# Teriyaki Dressing



## PrincessFiona60 (Jan 11, 2015)

Teriyaki Dressing

in a bottle with cap that will hold 2 cups.
1/2 c avocado oil
1/3 c rice wine vinegar
1/4 cup teriyaki sauce
1 teaspoon crushed garlic, minced
2 tablespoons ginger shredded fine
1 teaspoon roasted sesame seeds
1 teaspoon Sugar

On edit: 1 teaspoon sesame oil

Cap and shake like crazy, or use a stick blender.  Use liberally, you will not regret it.


----------



## Dawgluver (Jan 11, 2015)

Sounds delish, PF, and I have all the ingredients!  Thanks!


----------



## PrincessFiona60 (Jan 11, 2015)

I just thought I should add a teaspoon of sesame oil to that.

You are welcome!


----------



## Whiskadoodle (Jan 11, 2015)

PrincessFiona60 said:


> I just thought I should add a teaspoon of sesame oil to that.
> 
> You are welcome!


 
I  was just thinking as I read your list of ingredients, that I would add a spoonful of sesame oil.  Ha,  Yes, do it.  Thank you


----------



## PrincessFiona60 (Jan 11, 2015)

I've been reading labels on salad dressings and have decided I don't like the oils they use in making them.  So have been re-doing them in what I would like to have in a dressing.  Later today I will be creating a mustard dressing.


----------



## Cheryl J (Jan 11, 2015)

Oh, that sounds delicious, Princess.  I have everything but the avocado oil, been meaning to get some of that anyway.  Thank you for sharing! 
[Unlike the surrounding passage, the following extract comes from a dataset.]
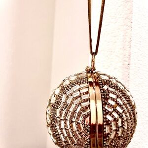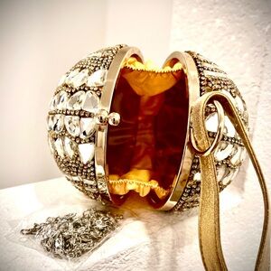 This stunning high quality clutch features intricate gold and silver rhinestones/beadwork, perfect for adding a touch of glamour to any outfit. Ideal for evening events or special occasions. It has an additional over the shoulder silver strap for convenience. It’s in perfect condition (no Rhinestones are missing) and is well made solid and robust! You will love ❤️ and get a long life out of this unique artsy bag! It’s not just a conversation peace but it will get you notices for sure ♥️
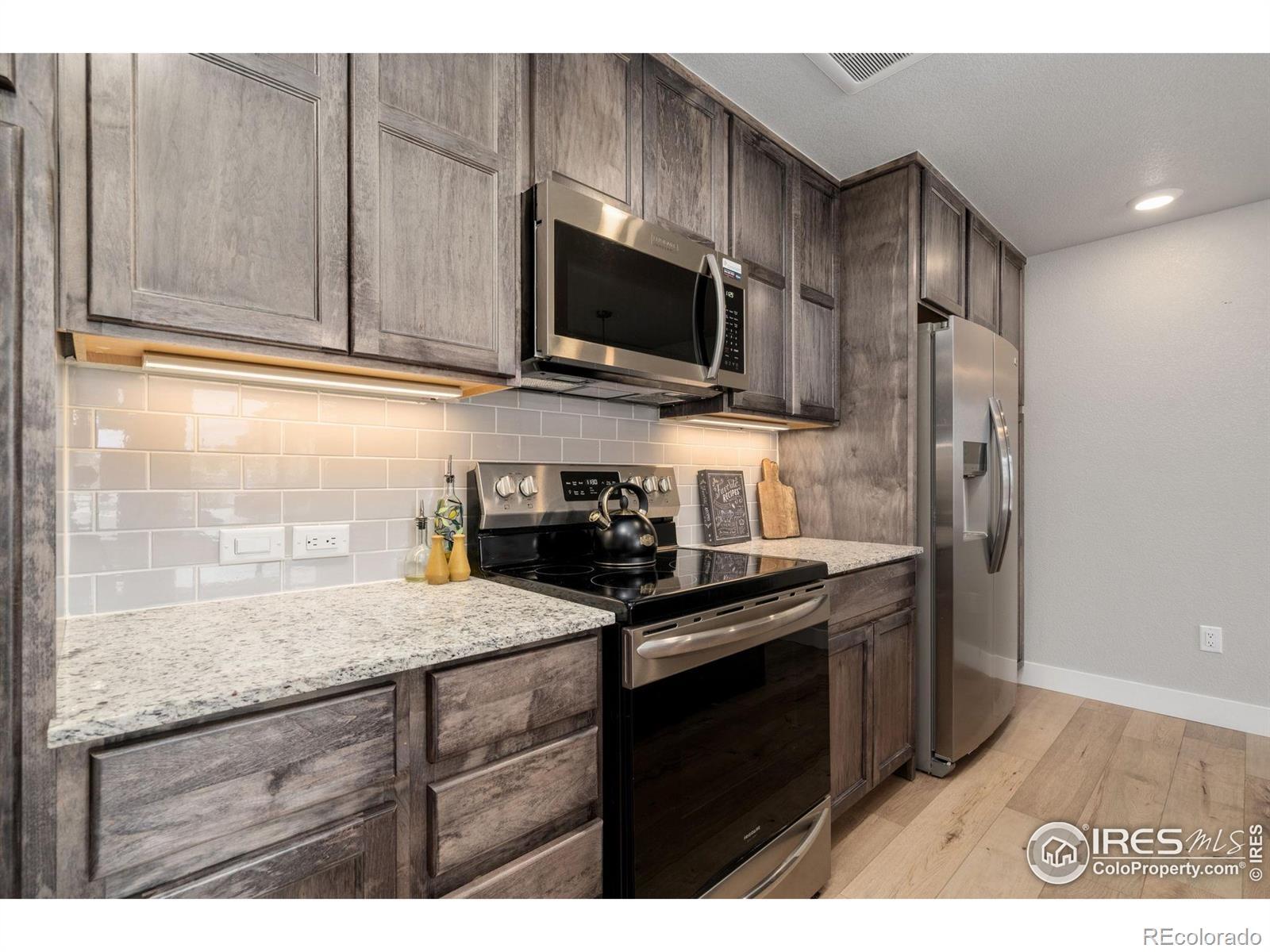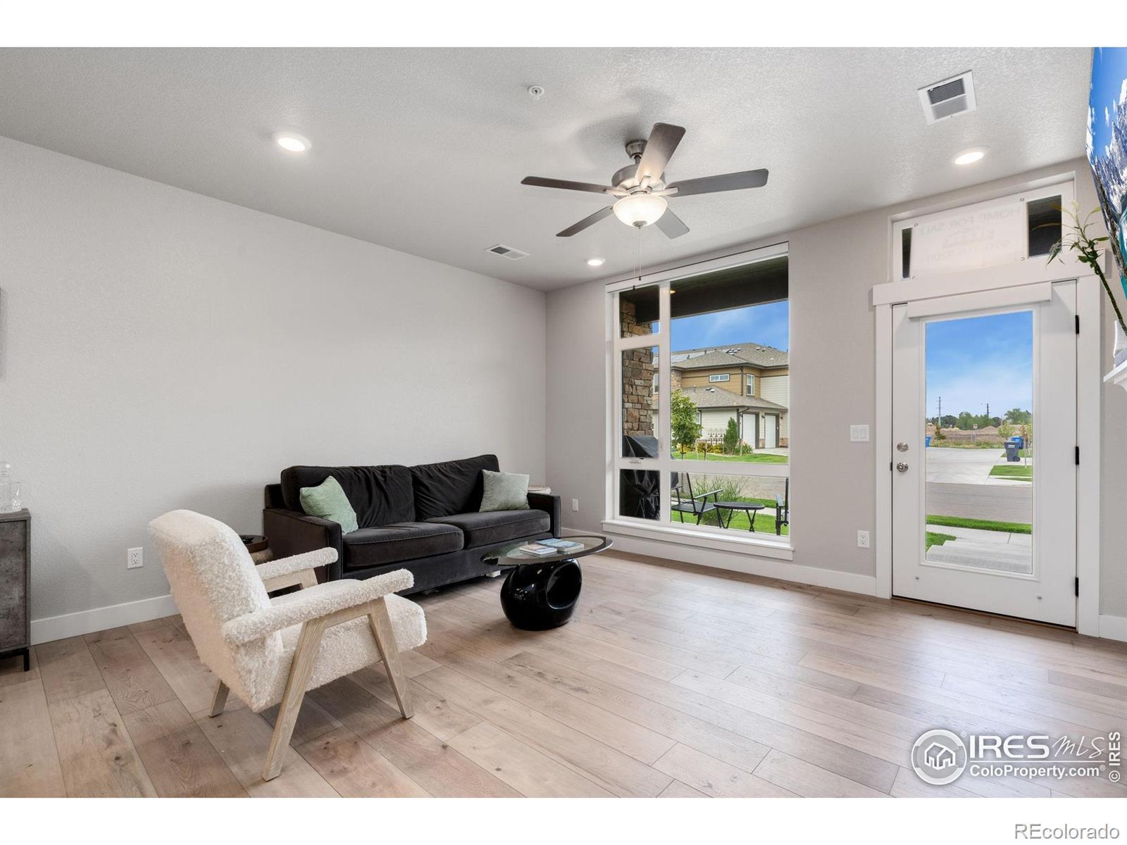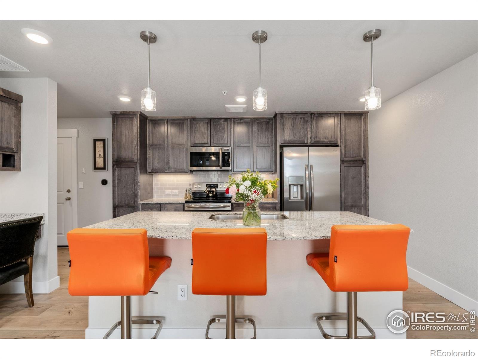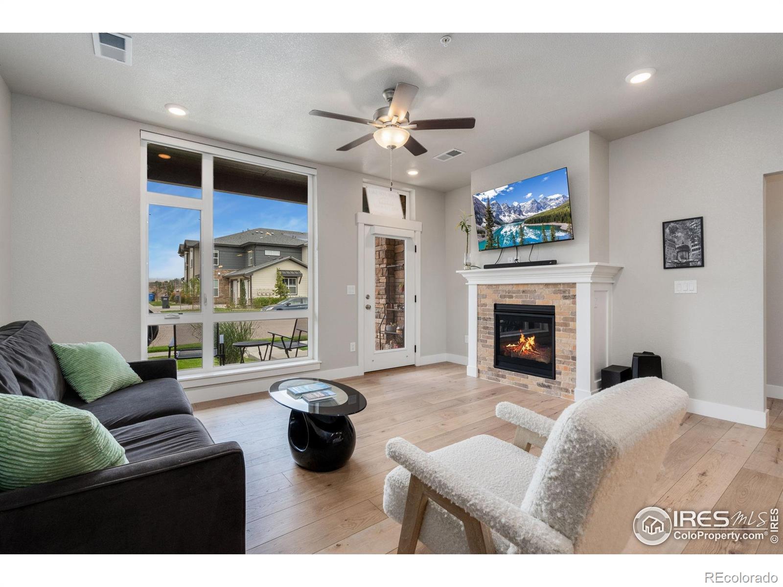 Effortless living starts here! This main-floor condo at the LEED Gold-certified Flats at Northfield offers comfort, convenience, and style in a solar-powered, low-maintenance community designed for lock-and-leave living. The unit is move-in ready and beautifully polished, offering a single-level layout with 1-bed and 1-bath, plus a bright and open main living area with LVP flooring throughout, large windows with Hunter Douglas blinds, and a fireplace centerpiece. The kitchen features stainless steel appliances and a spacious island with seating, providing plenty of space that's perfect for cooking or gathering. The bedroom comes with a walk-in closet for all your wardrobe essentials. Outdoor relaxation is made simple with a covered patio where you can sip your morning coffee or simply enjoy a bit of fresh air. The unit also comes with an oversized 1-car garage, providing extra room for storage. Future plans for the community include a private clubhouse, pool, and fitness center. Minutes away from downtown shops, restaurants, and breweries, plus quick access to CSU and scenic trails including the Poudre River Whitewater Park, this condo places you close to everything Fort Collins has to offer.

Let us know how your mustard dressing creation goes!


----------



## PrincessFiona60 (Jan 11, 2015)

You are welcome!

I get the Avocado oil at Costco, 1 liter bottle for about $10.  I like it because it is not heavy (greasy) tasting.  Love using it for eggs...when I'm not using Bacon fat


----------



## Cheryl J (Jan 11, 2015)

I'll pick some up at Costco next time I'm there.  I've been hearing great things about avocado oil.


----------



## Dawgluver (Jan 12, 2015)

I just made your dressing, PF, and I love it!  It will also be a nice dipping sauce for potstickers.


----------



## PrincessFiona60 (Jan 12, 2015)

Wonderful...check out the Mustard Vinaigrette.


----------



## Dawgluver (Jan 12, 2015)

I will!  I may make up some honey mustard dressing too, though that begs for deep fried breaded chicken chunks.


----------



## Cheryl J (Jan 12, 2015)

That's what I was thinking!


----------